Walking by the wall, looking at all the names, and thinking of the 58,000 dead young men, the children they never had, the grand children they never had was a bit overwhelming and brought back a lot of memories along with my own tears. What a waste of life.
I came of age during the war. The back ground music of my life was also the background music of the war. Listening to those songs yesterday, looking at the dates on the wall, My senior prom, my graduation date. While I was growing up and experiencing high school, these boys were dying. I can still see my mother saying goodbye to my brother during a rainstorm at El Toro, the week before Christmas in 1967. That memory was burned into my brain and as a mother, I wondered how she got through that day and the next 18 months. My father didn't say much during this time; but in the days before 24/7 news, dinners consisted of Walter Concrite (sp) Chet and David, etc. as though by watching as much of the war news as he could, my dad would keep my brother alive. In the spirit of full disclosure, let me say that we were republicans and I believed that crap about the domino effect... I felt guilty being a girl.. Safe from the draft.. My brother volunteered. So did Paul.
Today we say thank you to young men in Uniform; my husband talks about getting out of uniform as soon as possible when on leave, not wanting the abuse of the "Peaceful" war protesters. A friend was spit on at an airport, interrupting his first meeting with his 12 month old daughter. Hearing the words baby killer, butchers were not uncommon at airports. Seemed to me people would go to airports JUST to do that.
Peaceful? Not to me.
I believe those years and the years that followed were dark days for America, whether we believed in the war or not, we treated our Vietnam war veterans horribly. I was glad in the 80's when Jane Fonda finally had to give up her tour of American malls with her work out clothes, I think because the war veterans for the first time I was aware of, fought back and demonstrated at every mall. I was struck yesterday, with the understanding that while Americans were ignoring their plight, "putting the war behind us", Our veterans were taking care of each other when possible.
On a strange note (to me anyway), On a sign with myths and facts about Vietnam,I read, 1,072,000 young men served in Vietnam, over 13,000,00 in the 2000 census claimed to have served "in country".. Now I wonder, why so many who did serve don't talk about it, feeling shamed by their fellow countrymen so many years ago (John Kerry), and so many MORE who did not serve, talk about it all the time..
7 comments:
Most were drafted. My brother and my cousins served in country. They NEVER talk about it. Whenever I go to DC, I spend more time at this monument, and Arlington cemetery, than at any others. It always takes my breath away. We don't seem to learn much and although nobody spits on returning vets these days, we could do a far cry more for their needs than we seem to be doing. And so it goes...

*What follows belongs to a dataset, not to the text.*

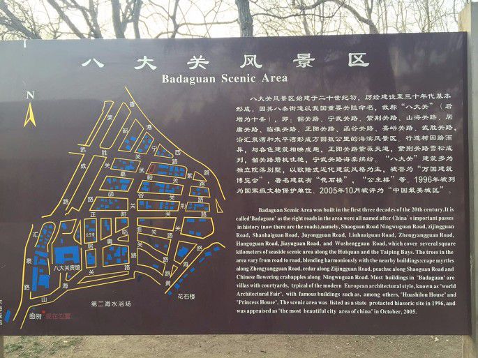 与老板娘借了充电器,休息片刻,走到马路边看到一个大牌子,原来距离八大关和海洋馆都很近哦。海洋馆并不想去,还是沿着路往下走,走着走着就又可以看到了大海,写着第一浴场,再不远就是八大关了。

Great blog Betty. I of course was born after Vietnam and stuff but my dad was there and he too never would ever talk to me about it. It's crazy. And my cousin who has been to Iraq twice, he'll talk about it and it's nothing good nor pretty. War is a nasty thing, so many things going on in the world. I enjoyed reading your story...
I cant imagine treating people the way they were treated in the 60's and I guess the early 70's. Thank fully it was just before my time. Our neighboring town is getting a permanent replica of the wall.
You put a lot into this post Betty. Very well said! I remember those times. All of my brothers and most of my male friends at the time were in the service. Only about 5 of my friends went to Vietnam and never came back the same person that left. But at least they did come back. I wrote letters faithfully to some of them. They told me that meant a lot to them. Vietnam was a different war in that the men were so mistreated when they returned. Most of them were just 18 years old when they left. So sad.
All I can say is that my outmost respect goes to those who served and I thank them as it is thanks to them that I am able to live here in this United States of America. Unfortunately when I got my citizenship I was already to old to serve.
Thanks everyone, I know, Brenda, about writing letters and family members not coming back the same. I wrote to my brother almost every other day - like sending letters would keep him alive.
Very interesting post Betty and really really enjoyed reading your memories. They were treated so badly, I remember those times so vividly.